The records –
★ ★ ★ ★ ★

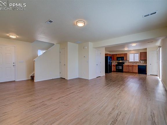 Discover effortless living in this meticulously maintained 3-bedroom, 2.5-bath single-family gem, nestled in a serene, maintenance-free community where lush grounds and landscaping are handled with care—leaving your weekends free for what truly matters: family adventures, weekend hikes, or simply unwinding in your own backyard oasis. Step inside to an open-concept heart of the home: a spacious walkout kitchen and dining area flows seamlessly into the inviting family room, perfect for casual gatherings, holiday feasts, or cozy movie nights. The kitchen boasts ample counter space, modern appliances while sliding glass doors open to your private patio, where you can grill your favorite cuisine, blending indoor comfort with outdoor charm. Upstairs, retreat to three generously sized bedrooms, each a peaceful haven with plenty of natural light and closet space. Two full bathrooms ensure morning routines run smoothly, and a conveniently located laundry room upstairs as well, making laundry an easy task. A convenient half-bath on the main level adds that extra touch of convenience. Also has a NEW ROOF, NEWER WATER HEATER & FLOORING!!! Priced to sell and ready for your personal flair, this home's prime location puts you minutes from Peterson Space Force Base and the bustling Powers Corridor—enjoy easy access to shopping, dining hotspots, top-rated schools, and outdoor recreation. No more yard work, just pure Colorado living at its finest. Don't miss this rare opportunity—schedule your showing today and make it home! **HOME IS CURRENTLY TENANT OCCUPIED**
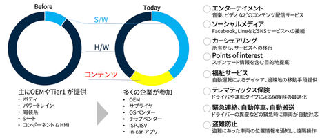 自動車の機能を実現する主役は現在、メカからソフトウェアへと移行しつつある。CASE(Connected:つながった、Autonomous:自動運転、Shared & Services:共有とサービス化、Electric:電動化)の進展により、自動車には多数の制御ユニットやセンサーが搭載され、クラウドなど社外のシステムと連動する機能も増えている。
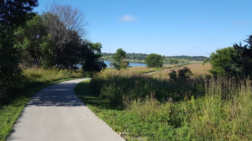 The bike trail alone is worth the price of camping here. Best sites for big rigs are on the bottom loop near the lake. Full hook-ups are available in those sites. Overall this is a surprisingly nice little park.
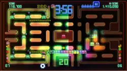 Gameplay revolves around three main modes: Score Attack, in which players attempt to get the highest score within five or ten minutes; Time Attack, consisting of several short trials and one long one in which players must obtain a certain amount of fruit as quickly as possible; and Ghost Combo, where players must try to stay powered up and eat as many ghosts as possible. The game features nine courses, which include the original maze from Championship Edition, in which the sleeping ghosts are absent. Players receive a ranking for each game mode per course, which is based on their position on the overall leaderboards. The game has various visual styles, including some in the style of Pac-Mania, which can be mixed and matched.[2] Players may also access a constantly updated NG News feature, which includes articles such as developer interviews, as well as view video replays of the highest-ranking Score Attack players via the leaderboard.
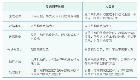 根据国家统计局和国家发展和改革委员会联合印发的《非传统数据统计应用指导意见》,大数据是非传统数据的主体,在很多情形下可以代指非传统数据。具体而言,大数据是指通过非传统政府统计调查获取的数据(国外一些机构也称之为“二手数据”),包括政府部门的行政记录数据、商业记录数据、互联网数据、电子设备感应数据及其他大数据。大数据与传统调查数据存在以下主要差异(见表1)。
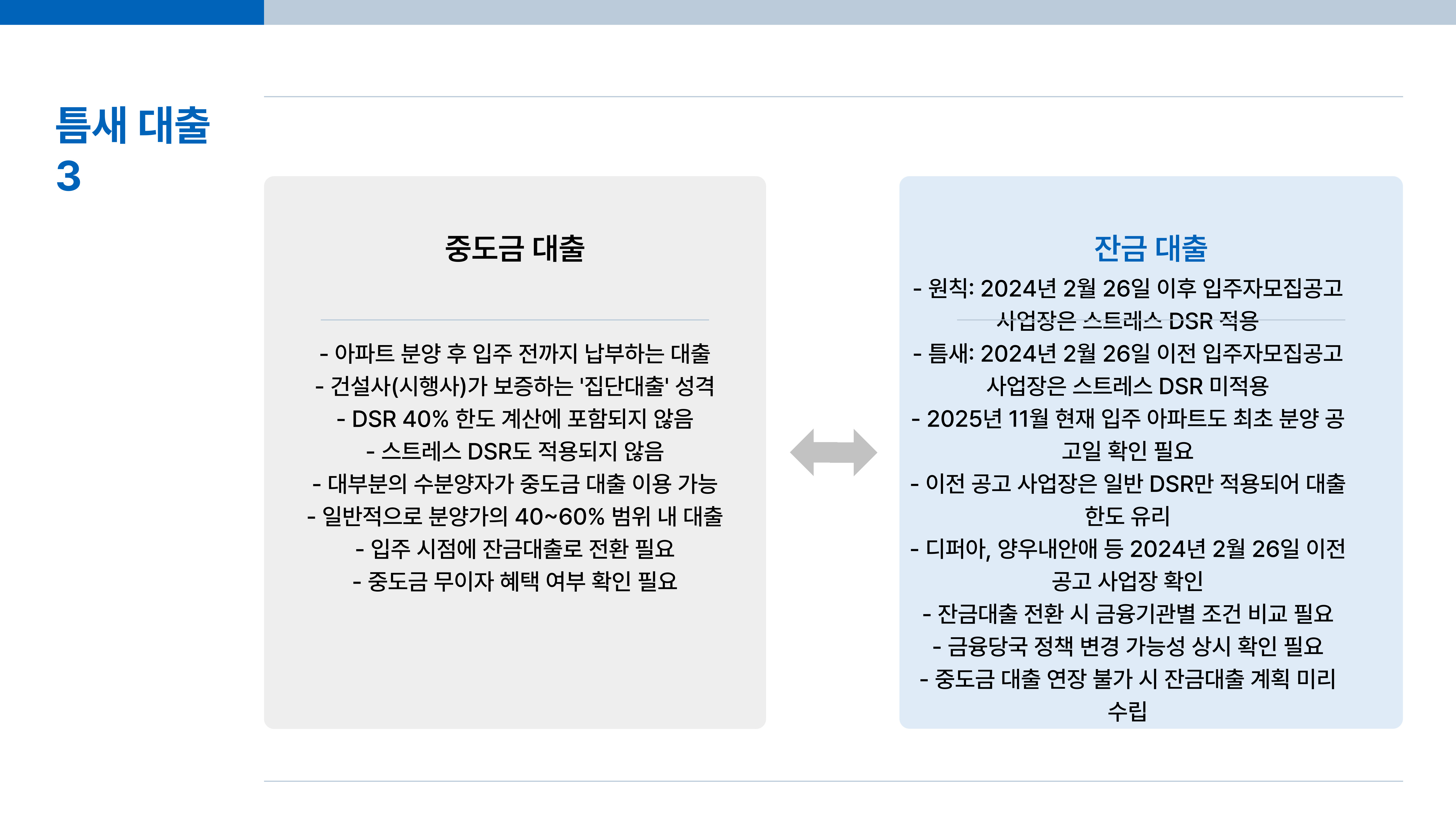 • ⭐ 틈새 (구 계약자):** 하지만, 스트레스 DSR 제도 시행일(2024년 2월 26일) 이전에 **이미 입주자모집공고가 나갔던 사업장**의 잔금대출은 **스트레스 DSR 적용에서 제외**됩니다. (즉, 일반 DSR 40%만 적용)
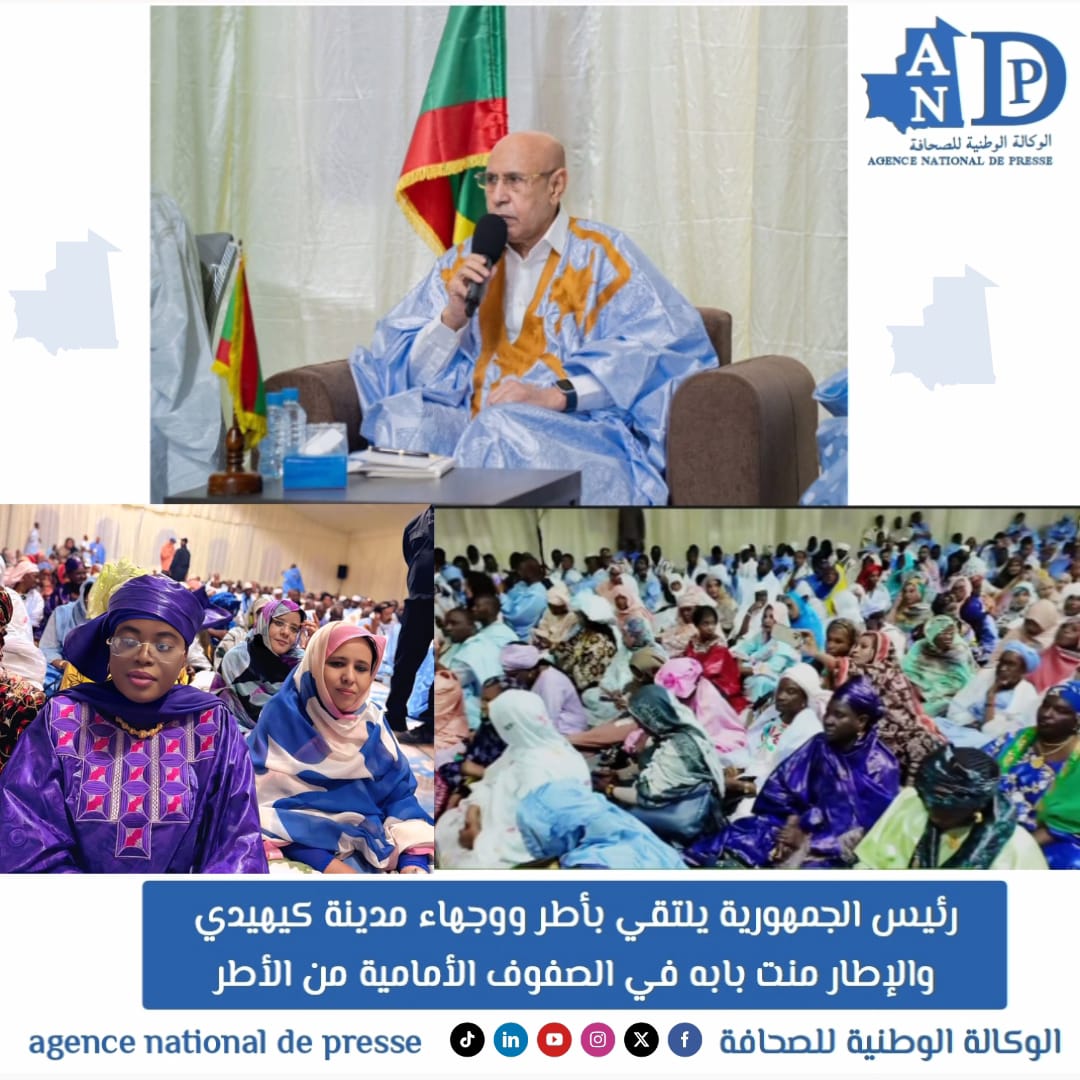 رئيس الجمهورية يلتقي بأطر ووجهاء مدينة كيهيدي والإطار منت بابه في الصفوف الأمامية من الأطر
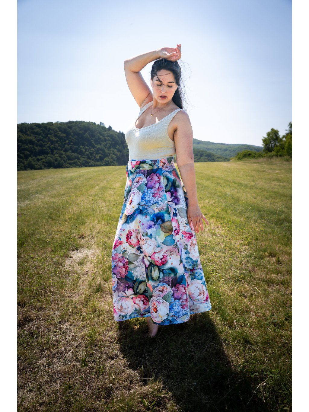 Dlouhá půlkolová sukně - satén - pivoňky

★ ★ ★ ★ ★

Requirement –
Restate each line of the records exactly; pictures do not belong in the copy.

Answer to the exercise –
 Discover effortless living in this meticulously maintained 3-bedroom, 2.5-bath single-family gem, nestled in a serene, maintenance-free community where lush grounds and landscaping are handled with care—leaving your weekends free for what truly matters: family adventures, weekend hikes, or simply unwinding in your own backyard oasis. Step inside to an open-concept heart of the home: a spacious walkout kitchen and dining area flows seamlessly into the inviting family room, perfect for casual gatherings, holiday feasts, or cozy movie nights. The kitchen boasts ample counter space, modern appliances while sliding glass doors open to your private patio, where you can grill your favorite cuisine, blending indoor comfort with outdoor charm. Upstairs, retreat to three generously sized bedrooms, each a peaceful haven with plenty of natural light and closet space. Two full bathrooms ensure morning routines run smoothly, and a conveniently located laundry room upstairs as well, making laundry an easy task. A convenient half-bath on the main level adds that extra touch of convenience. Also has a NEW ROOF, NEWER WATER HEATER & FLOORING!!! Priced to sell and ready for your personal flair, this home's prime location puts you minutes from Peterson Space Force Base and the bustling Powers Corridor—enjoy easy access to shopping, dining hotspots, top-rated schools, and outdoor recreation. No more yard work, just pure Colorado living at its finest. Don't miss this rare opportunity—schedule your showing today and make it home! **HOME IS CURRENTLY TENANT OCCUPIED**
 自動車の機能を実現する主役は現在、メカからソフトウェアへと移行しつつある。CASE(Connected:つながった、Autonomous:自動運転、Shared & Services:共有とサービス化、Electric:電動化)の進展により、自動車には多数の制御ユニットやセンサーが搭載され、クラウドなど社外のシステムと連動する機能も増えている。
 The bike trail alone is worth the price of camping here. Best sites for big rigs are on the bottom loop near the lake. Full hook-ups are available in those sites. Overall this is a surprisingly nice little park.
 Gameplay revolves around three main modes: Score Attack, in which players attempt to get the highest score within five or ten minutes; Time Attack, consisting of several short trials and one long one in which players must obtain a certain amount of fruit as quickly as possible; and Ghost Combo, where players must try to stay powered up and eat as many ghosts as possible. The game features nine courses, which include the original maze from Championship Edition, in which the sleeping ghosts are absent. Players receive a ranking for each game mode per course, which is based on their position on the overall leaderboards. The game has various visual styles, including some in the style of Pac-Mania, which can be mixed and matched.[2] Players may also access a constantly updated NG News feature, which includes articles such as developer interviews, as well as view video replays of the highest-ranking Score Attack players via the leaderboard.
 根据国家统计局和国家发展和改革委员会联合印发的《非传统数据统计应用指导意见》,大数据是非传统数据的主体,在很多情形下可以代指非传统数据。具体而言,大数据是指通过非传统政府统计调查获取的数据(国外一些机构也称之为“二手数据”),包括政府部门的行政记录数据、商业记录数据、互联网数据、电子设备感应数据及其他大数据。大数据与传统调查数据存在以下主要差异(见表1)。
 • ⭐ 틈새 (구 계약자):** 하지만, 스트레스 DSR 제도 시행일(2024년 2월 26일) 이전에 **이미 입주자모집공고가 나갔던 사업장**의 잔금대출은 **스트레스 DSR 적용에서 제외**됩니다. (즉, 일반 DSR 40%만 적용)
 رئيس الجمهورية يلتقي بأطر ووجهاء مدينة كيهيدي والإطار منت بابه في الصفوف الأمامية من الأطر
 Dlouhá půlkolová sukně - satén - pivoňky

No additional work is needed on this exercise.